In the final project of the Udacity Self-Driving Car Nanodegree Program students build code to drive Udacity’s very own self-driving car.
As with almost any type of computer programming, however, we’re not starting from scratch. There are existing operating systems and middleware and libraries that students will get to build on to drive the car.
One of these libraries is Autoware, which is an open-source self-driving car library maintained by Tier IV. We use Autoware particularly for its localization functions, which use our lidar data and a high-definition lidar map to figure out where our vehicle is in the world.
The specific localization algorithm that Autoware uses is called normal distributions transform (NDT) matching, which was originally developed by Peter Biber at the University of Tubingen. NDT is a little different than the particle filter localization we’ve worked with previously, so I’ve spent time over the last few days reviewing how it works.

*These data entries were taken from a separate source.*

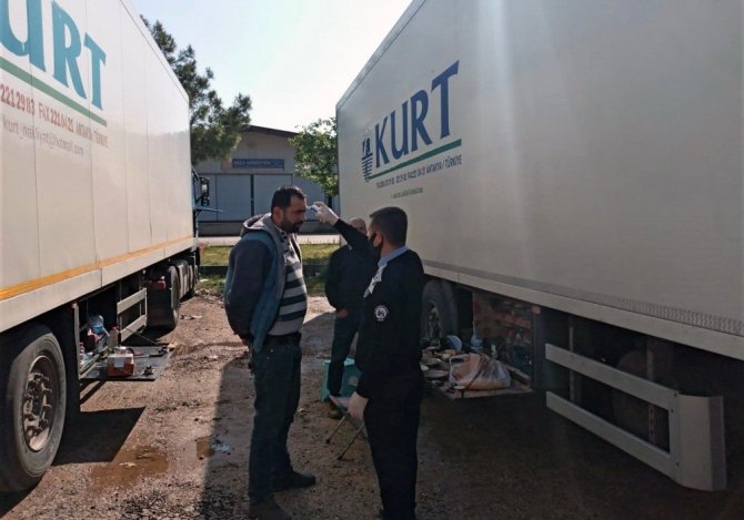 Büyükşehir Belediyesi ekiplerince sabahın erken saatlerinde kurulan üretici meydanında ve tır parkında malın sevkini gerçekleştirecek olan yerli ve yabancı nakliye tır sürücülerine düzenli olarak ateş ölçümü yapılıyor. Ayrıca ekipler, yabancı uyruklu olan sürücü misafirlere İngilizce, Almanca, Rusça, Romence, Azerice, Belarusça ve Ukrayna dilinde olmak üzere çeşitli dillere çevrilmiş “Koronavirüs İle Mücadelede Uyulması Gereken 14 Kural” broşürleri dağıtıyor.
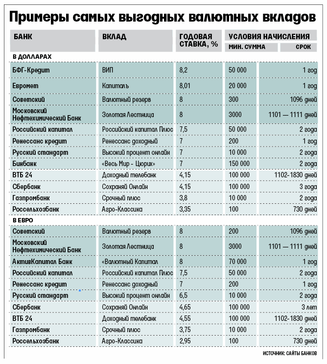 В этом году уровень ставок по валютным вкладам крупнейших банков снизился в среднем на 0,3 процентного пункта. Тем не менее в некоторых банках, преимущественно второй-третьей сотни по активам, условия размещения валютных средств до сих пор остаются весьма выгодными: несколько тысяч долларов или евро можно разместить на 1–2 года под 8% годовых. А в Росинтербанке еще на прошлой неделе можно было разместить $150 на срок не менее двух лет под 9% годовых, а 150 евро – под 8,5%, но сейчас только под 7,5 и 7% соответственно. В банках первой сотни, таких как «Русский стандарт», «Российский капитал», «Ренессанс кредит», ставки сейчас также доходят до 7% годовых (см. таблицу).
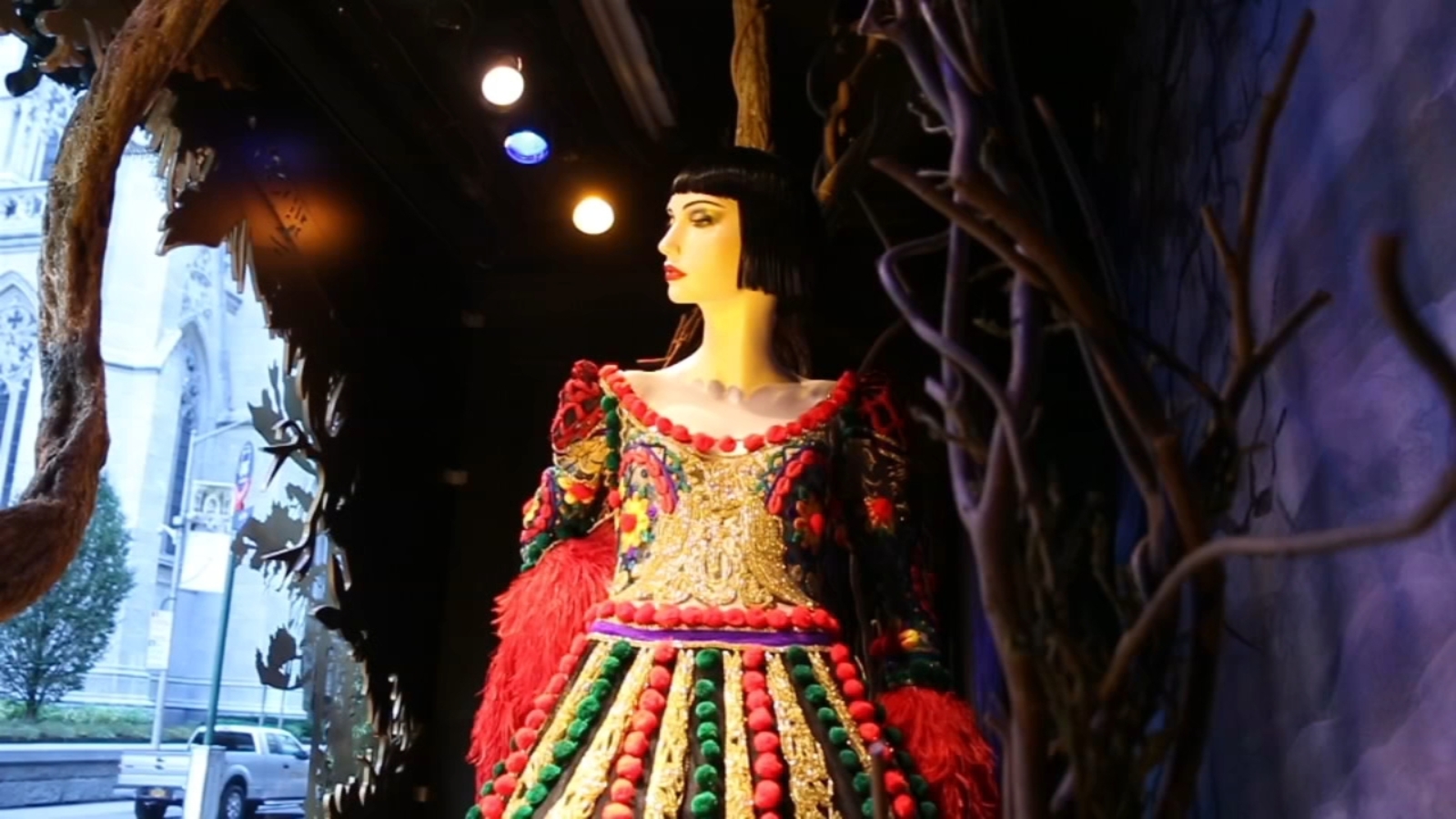 However, Saks will not abandon its tradition of displaying some classic high-end designs this holiday season. The 49th and 50th street windows feature several custom-made ball gowns for "a 21st-century Snow White."
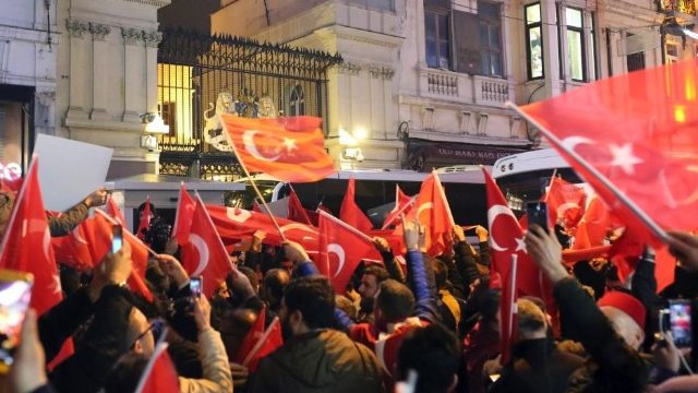 ตำรวจเนเธอร์แลนด์ใช้น้ำแรงดันสูงสลายชาวตุรกีหน้าสถานกงสุลเมืองรอตเทอร์ดาม หลังจากไม่อนุญาตให้รัฐมนตรีตุรกีมาร่วมการชุมนุมเชิญชวนคนไปลงประชามติ
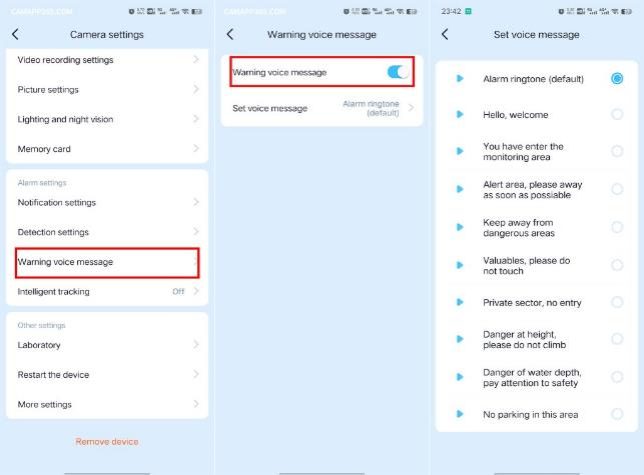 Turn on the Warning voice message, when the iCam365 camera detects an intruder, the camera will send a warning voice to scare off the intruder.
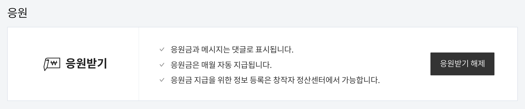 전세계인을 대상으로 하는 유튜브에서는 종종 활용되는 기능인 것 같은데, 점유율이 네이버 블로그보다도 적은 티스토리 블로그에 창작자를 직접적인 금전으로 응원하는 사례가 많이 나올 수 있을지는 미지수이지만 일단 설정은 해 보았습니다.

In order to figure out where we are in the world, we’ll probably use a map. There’s a whole branch of localization called simultaneous localization and mapping (SLAM), where we figure out how to navigate without a map, but that’s difficult. It’s easier just to have a map and so we’ll assume we have one.

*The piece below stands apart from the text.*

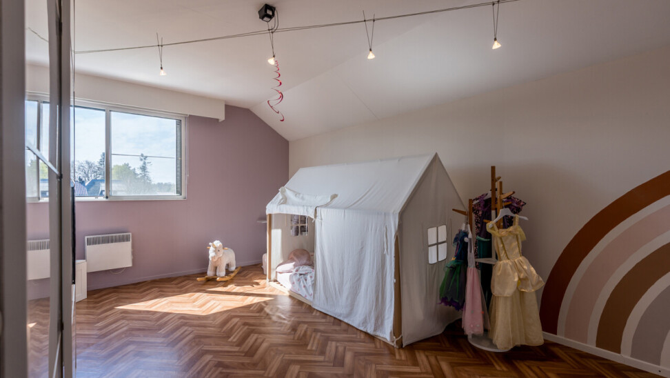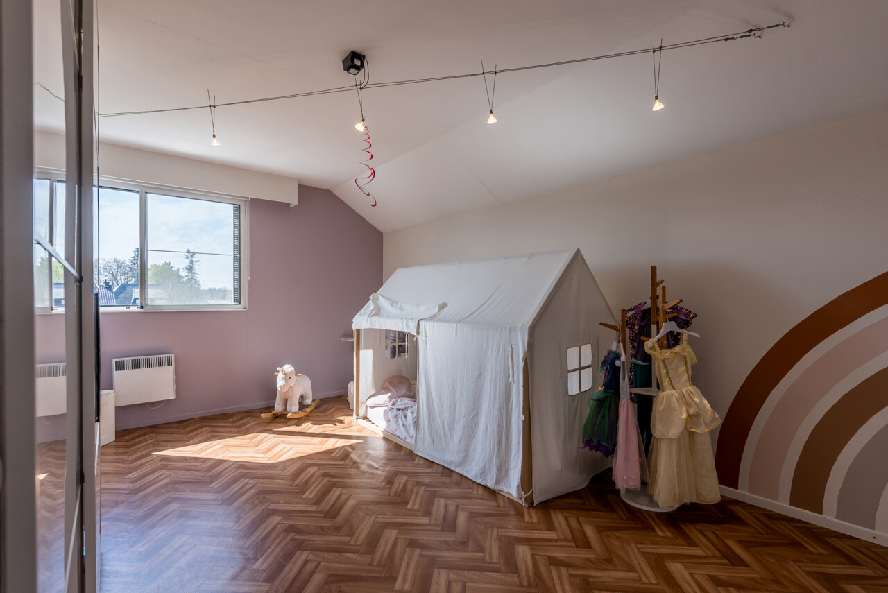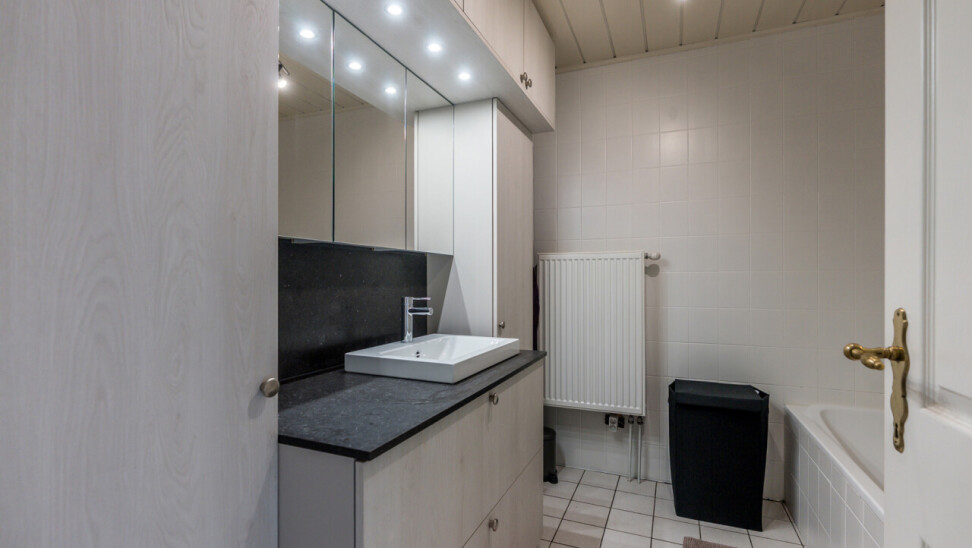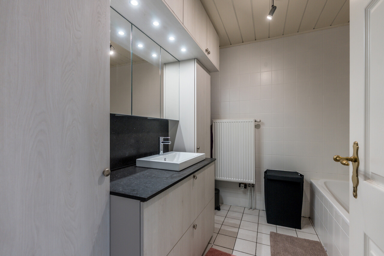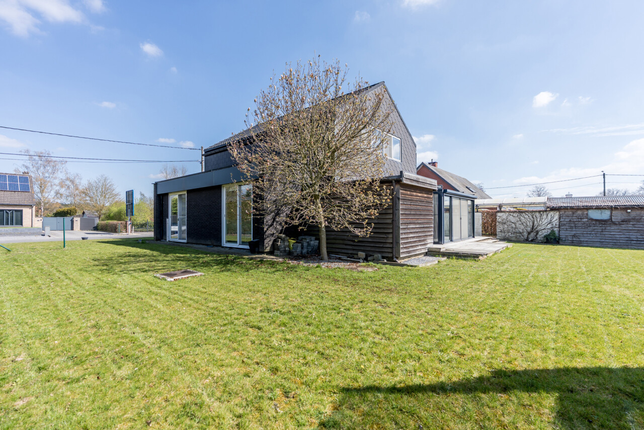 De woning beschikt over een bewoonbare oppervlakte van ± 170m² (excl. garage, kelder en zolder) en bestaat op het gelijkvloers uit een inkomhal met toilet, een ruime en lichtrijke leefruimte in L-vorm, een keuken met aansluitend bijkeuken/berging, een veranda, een badkamer met zowel een ligbad als douche en een inpandige garage. Op de verdieping hebben we 4 slaapkamers en een tweede toilet.

In order to figure out where we are in the world, we take our own lidar scan and compare what we see to this map. You can basically imagine that we line up points and try to figure out, given what our current laser scan shows, where are we in this map?

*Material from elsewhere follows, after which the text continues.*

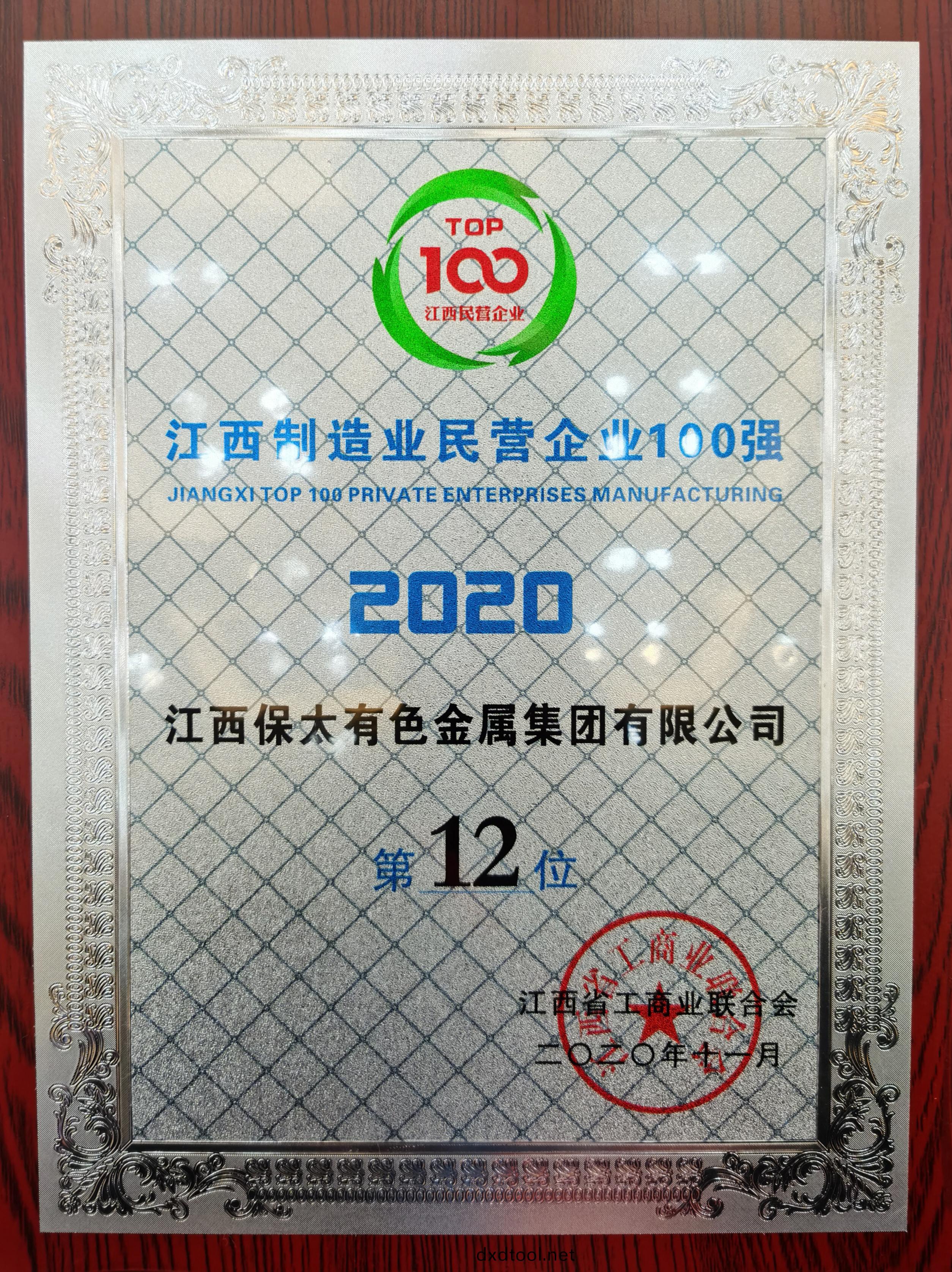 ? ?On November 8, 2020, the jiangxi Top 100 Private Enterprises 2020 Summit hosted by Jiangxi Federation of Industry and Commerce was held in Nanchang. Jiangxi Baotai Group ranked 24th among the Top 100 Private Enterprises 2020 in Jiangxi province and 12th among the Top 100 Manufacturing Private Enterprises in Jiangxi Province, and was also selected as an excellent case in Jiangxi Private Enterprises Social Responsibility Report (2020).

One problem: our points will probably be a little off from the map. Measurement errors will cause points to be slightly mis-aligned, plus the world might change a little between when we record the map and when we make our new scan.
NDT matching provides a solution for these minor errors. Instead of trying to match points from our current scan to point on the map, we try to match points from our current scan to a grid of probability functions created from the map.
We break the point cloud map into three-dimensional boxes essentially assign a probability distribution to each box. The image above is actually a 2D probability function, but we can make a 3D function following the same principles.
This way, if we detect a point a few millimeters away from where the map thinks a point should be, instead of being completely unable to match those two points, our NDT matching function connects our detected point to the probability function on the map. There’s a kind of “near match”.
For anybody who’s taken Udacity’s lessons on particle filters, or studied them elsewhere, there is a whole separate issue of monte carlo randomization that particle filters use. It seems like that could be applied to NDT matching in pretty much the same fashion, and indeed there is a paper called “Normal distributions transform Monte-Carlo localization (NDT-MCL)” by Saarinen, et al. that seems to work out the details, although I haven’t gone through that in detail.